[Opening Dataset content section]

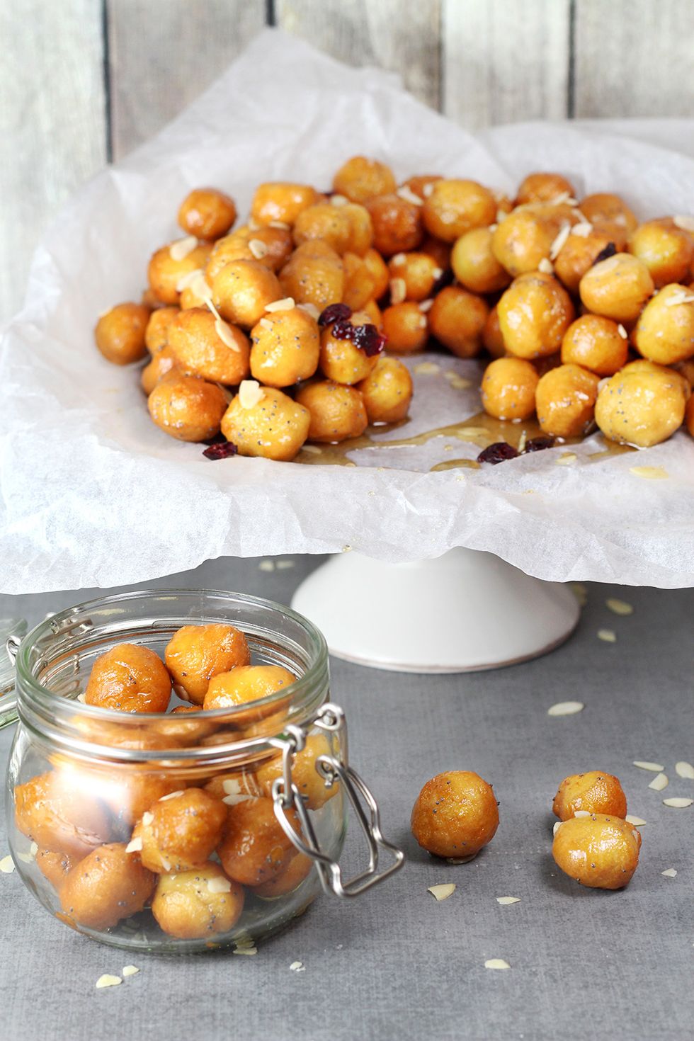 Cut the dough into 4 equal-sized pieces. Lightly flour a cutting board or surface, roll out each piece of dough until it's approximately 1/4 inch thick. Cut each piece of dough into 1/2-inch-wide strips; cut each strip of pastry into 1/2-inch pieces and continue to roll each piece of dough until it resembles a hazelnut. Next, fill a large heavy-bottomed saucepan with vegetable oil a third of the way and heat over medium heat until a deep-frying thermometer inserted in the oil reaches 375°. (If you don't have a thermometer, testing using a sliver of bread will brown in about 3 minutes.) Finally, carefully drop the dough balls into the oil and leave them until a light, golden color appears (about 2 to 3 minutes). Transfer to a paper-towel-lined plate to drain. (Repeat)
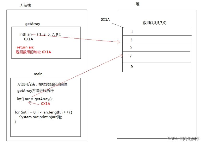 数组作为方法参数传递,传递的参数是数组内存的地址。
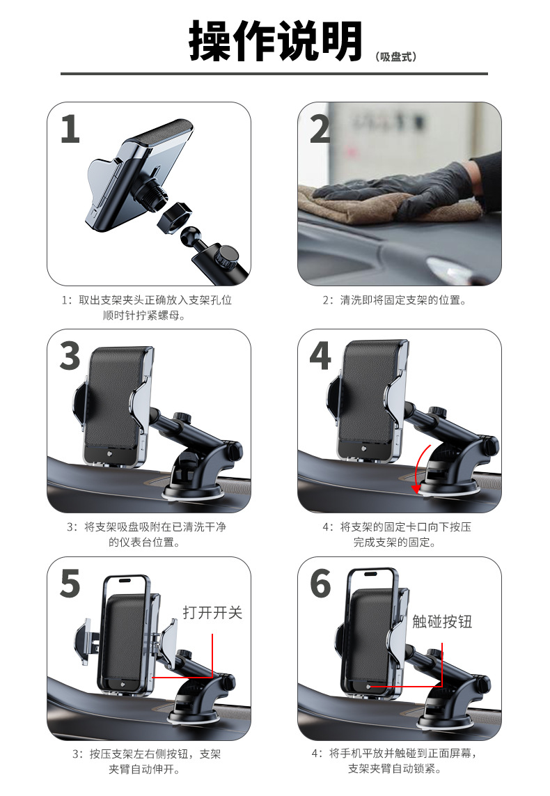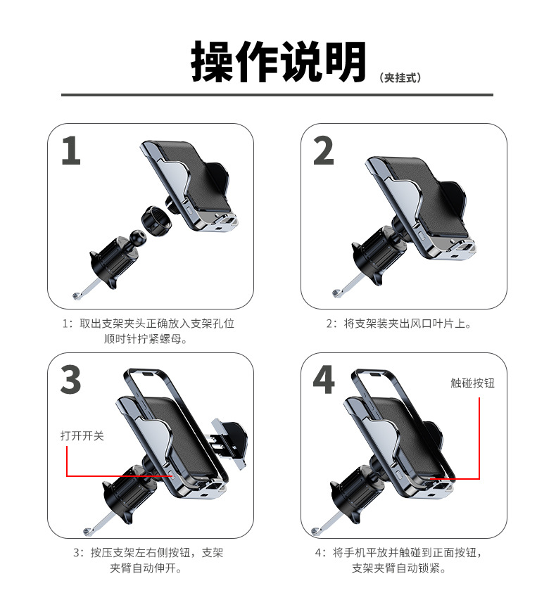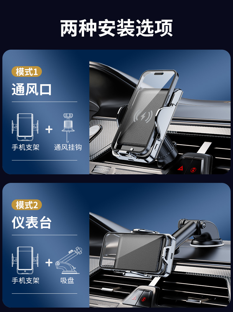 默认套餐:吸盘底座+出风口鹰嘴夹子+2A充电线
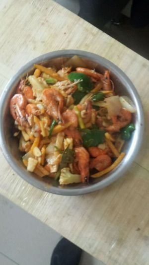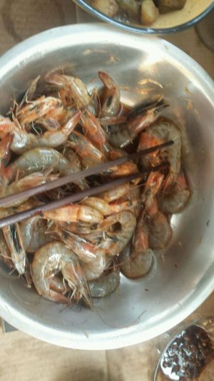 锅里留下少须油 放入陪菜 家里长用的调料适量放入配菜熟时放入少量白糖 在把青虾到近去 翻炒几下就ok了

[Closing Dataset content section]

* What to produce *
Could you give the listing above again word for word, without any pictures?

* Answer below *
 Cut the dough into 4 equal-sized pieces. Lightly flour a cutting board or surface, roll out each piece of dough until it's approximately 1/4 inch thick. Cut each piece of dough into 1/2-inch-wide strips; cut each strip of pastry into 1/2-inch pieces and continue to roll each piece of dough until it resembles a hazelnut. Next, fill a large heavy-bottomed saucepan with vegetable oil a third of the way and heat over medium heat until a deep-frying thermometer inserted in the oil reaches 375°. (If you don't have a thermometer, testing using a sliver of bread will brown in about 3 minutes.) Finally, carefully drop the dough balls into the oil and leave them until a light, golden color appears (about 2 to 3 minutes). Transfer to a paper-towel-lined plate to drain. (Repeat)
 数组作为方法参数传递,传递的参数是数组内存的地址。
 默认套餐:吸盘底座+出风口鹰嘴夹子+2A充电线
 锅里留下少须油 放入陪菜 家里长用的调料适量放入配菜熟时放入少量白糖 在把青虾到近去 翻炒几下就ok了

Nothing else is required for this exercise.